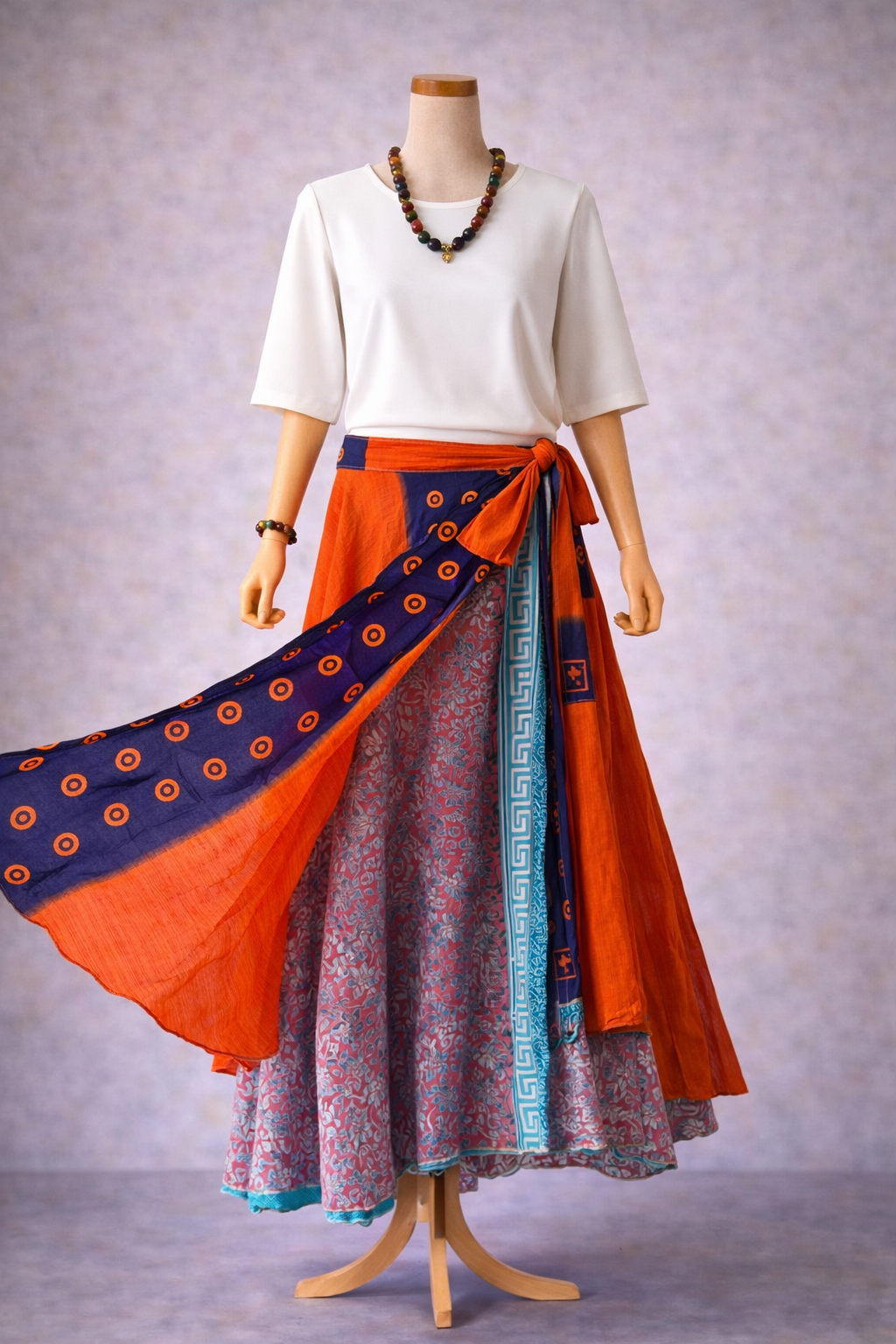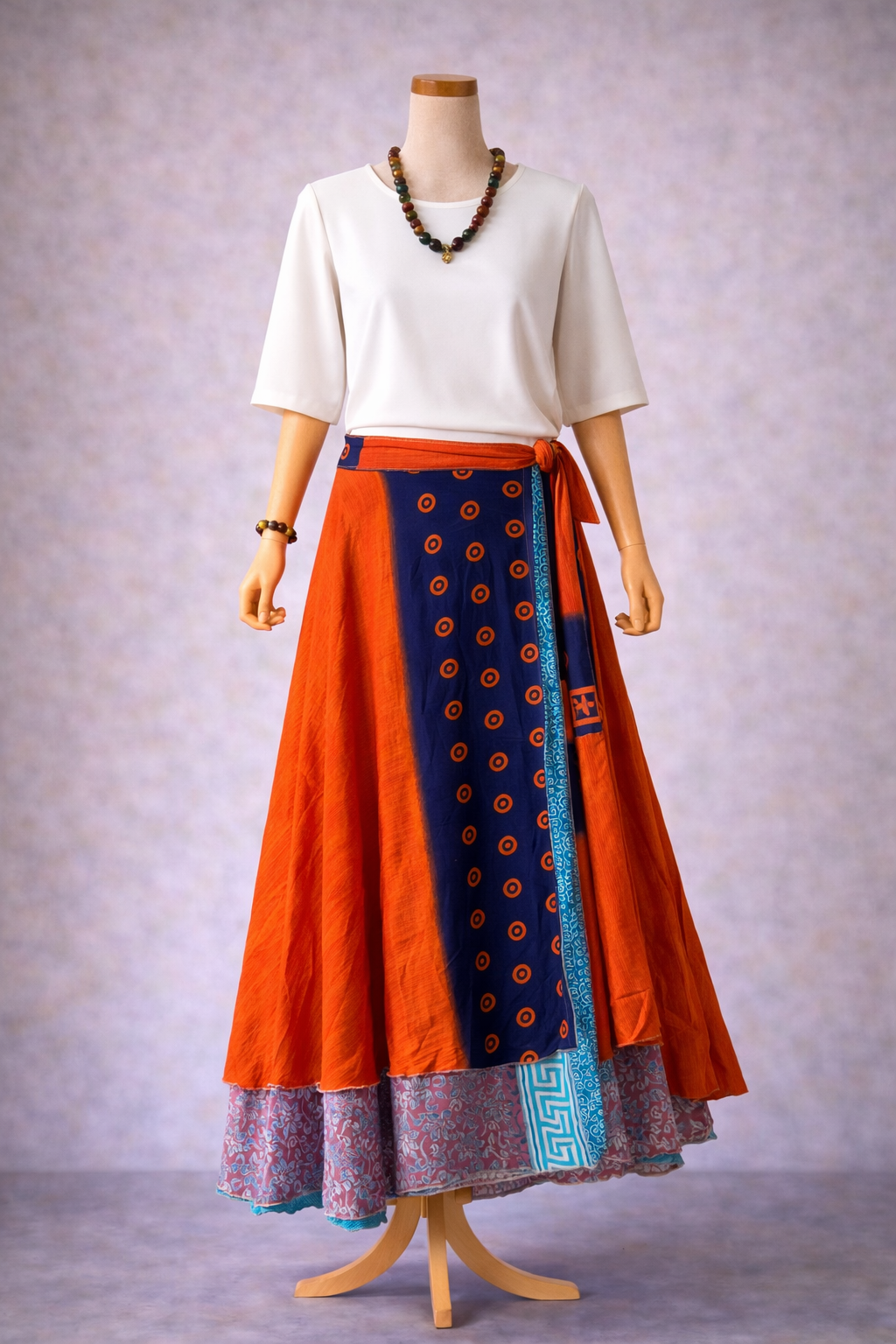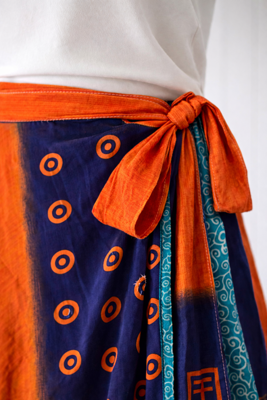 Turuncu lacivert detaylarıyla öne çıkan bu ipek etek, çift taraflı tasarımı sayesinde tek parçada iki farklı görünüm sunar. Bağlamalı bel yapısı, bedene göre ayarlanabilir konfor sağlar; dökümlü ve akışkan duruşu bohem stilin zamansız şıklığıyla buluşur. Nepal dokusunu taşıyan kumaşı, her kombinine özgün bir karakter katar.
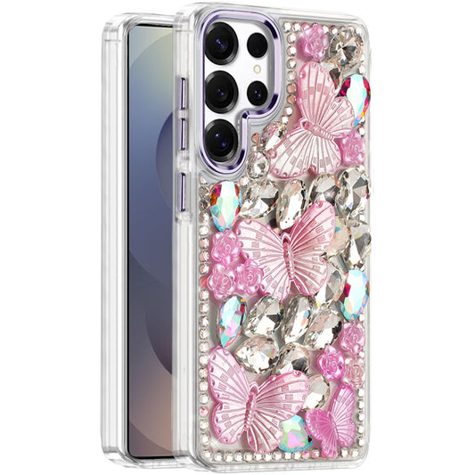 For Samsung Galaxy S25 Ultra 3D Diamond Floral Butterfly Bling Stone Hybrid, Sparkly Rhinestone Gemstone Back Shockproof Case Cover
---
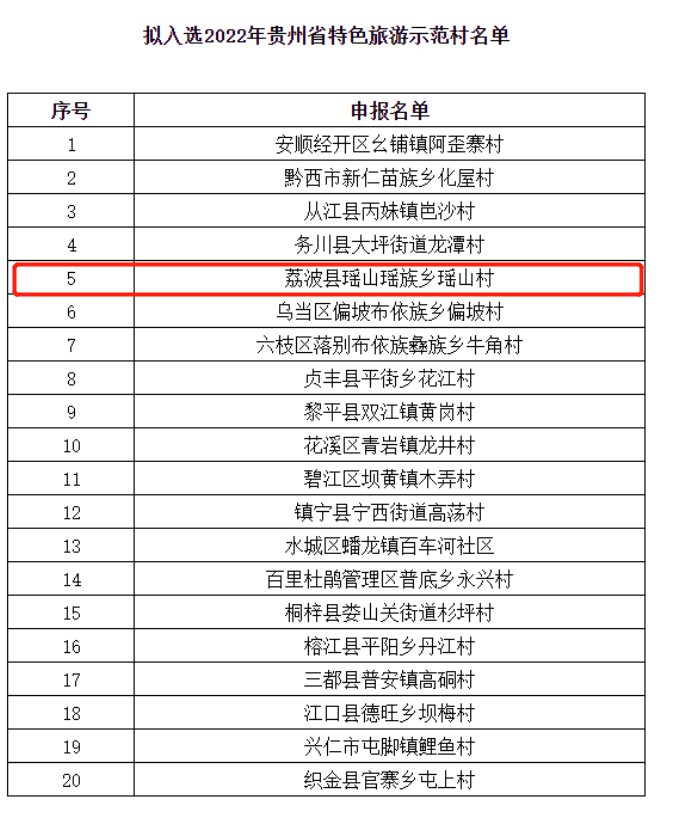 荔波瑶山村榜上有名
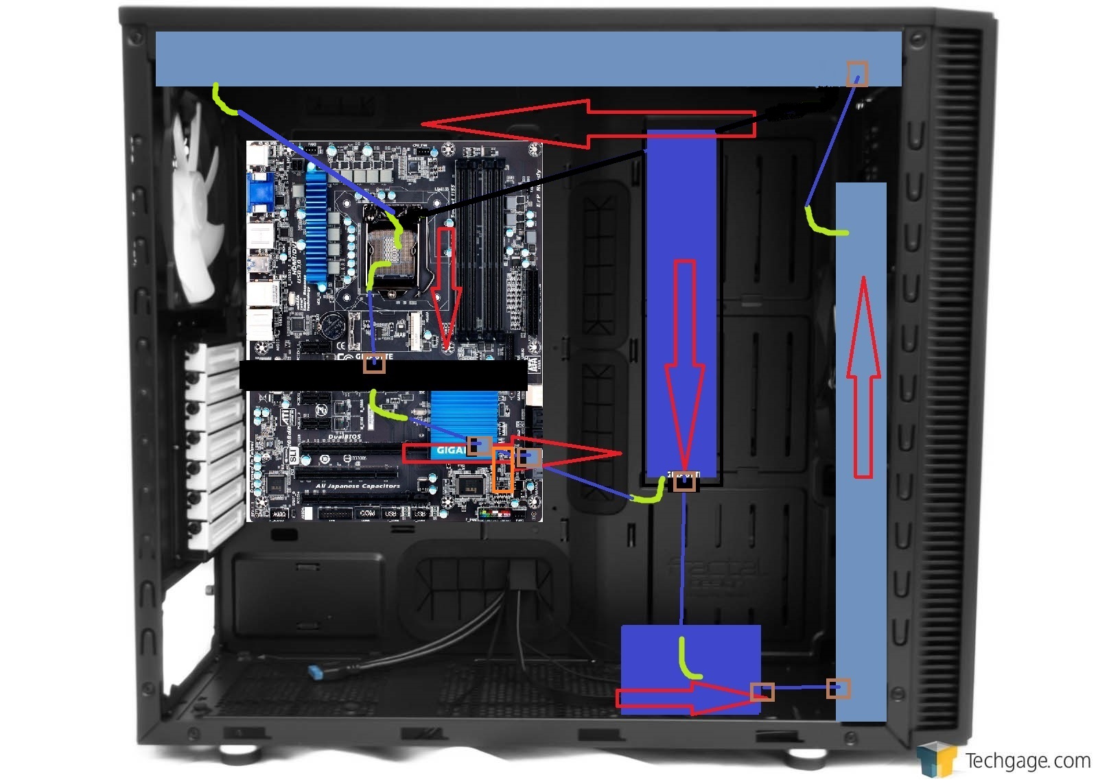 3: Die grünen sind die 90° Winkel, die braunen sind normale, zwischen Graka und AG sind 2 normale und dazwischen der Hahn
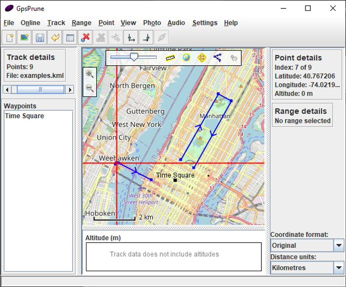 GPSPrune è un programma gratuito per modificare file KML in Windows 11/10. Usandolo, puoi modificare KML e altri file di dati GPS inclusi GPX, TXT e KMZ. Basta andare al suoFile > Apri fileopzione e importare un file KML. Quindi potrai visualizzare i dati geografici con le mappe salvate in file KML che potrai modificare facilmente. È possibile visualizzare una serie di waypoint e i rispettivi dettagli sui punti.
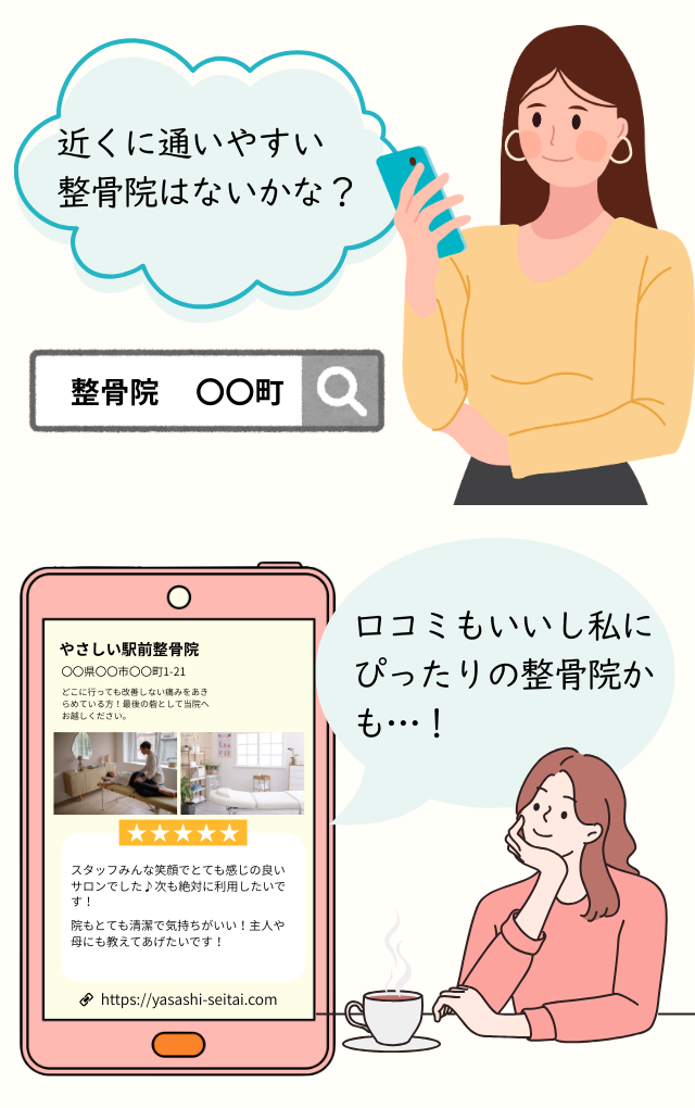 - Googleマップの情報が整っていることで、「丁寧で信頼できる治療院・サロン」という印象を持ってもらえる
...
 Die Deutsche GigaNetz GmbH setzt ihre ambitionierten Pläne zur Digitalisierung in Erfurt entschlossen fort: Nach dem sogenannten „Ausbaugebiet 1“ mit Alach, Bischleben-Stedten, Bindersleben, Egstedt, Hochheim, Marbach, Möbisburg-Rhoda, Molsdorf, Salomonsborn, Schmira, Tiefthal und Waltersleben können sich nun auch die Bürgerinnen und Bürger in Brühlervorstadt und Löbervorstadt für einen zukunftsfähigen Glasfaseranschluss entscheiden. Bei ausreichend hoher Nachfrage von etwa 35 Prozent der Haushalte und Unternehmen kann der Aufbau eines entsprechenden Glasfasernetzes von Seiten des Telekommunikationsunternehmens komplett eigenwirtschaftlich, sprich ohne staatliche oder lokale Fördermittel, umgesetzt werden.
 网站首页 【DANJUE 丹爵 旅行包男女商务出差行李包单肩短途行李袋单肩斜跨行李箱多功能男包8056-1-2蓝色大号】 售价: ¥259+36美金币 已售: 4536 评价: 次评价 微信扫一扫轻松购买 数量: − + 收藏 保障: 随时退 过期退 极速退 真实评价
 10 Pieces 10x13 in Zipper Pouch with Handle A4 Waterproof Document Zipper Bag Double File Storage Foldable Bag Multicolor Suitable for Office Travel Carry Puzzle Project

# [INSTRUCTIONS FOR THE TASK]
In the listing above, find the line containing "Turuncu lacivert detaylarıyla" and the line containing "For Samsung Galaxy", then write out both of them and every line between, exactly, with no pictures.

# [OUTPUT OF THE EXERCISE]
 Turuncu lacivert detaylarıyla öne çıkan bu ipek etek, çift taraflı tasarımı sayesinde tek parçada iki farklı görünüm sunar. Bağlamalı bel yapısı, bedene göre ayarlanabilir konfor sağlar; dökümlü ve akışkan duruşu bohem stilin zamansız şıklığıyla buluşur. Nepal dokusunu taşıyan kumaşı, her kombinine özgün bir karakter katar.
 For Samsung Galaxy S25 Ultra 3D Diamond Floral Butterfly Bling Stone Hybrid, Sparkly Rhinestone Gemstone Back Shockproof Case Cover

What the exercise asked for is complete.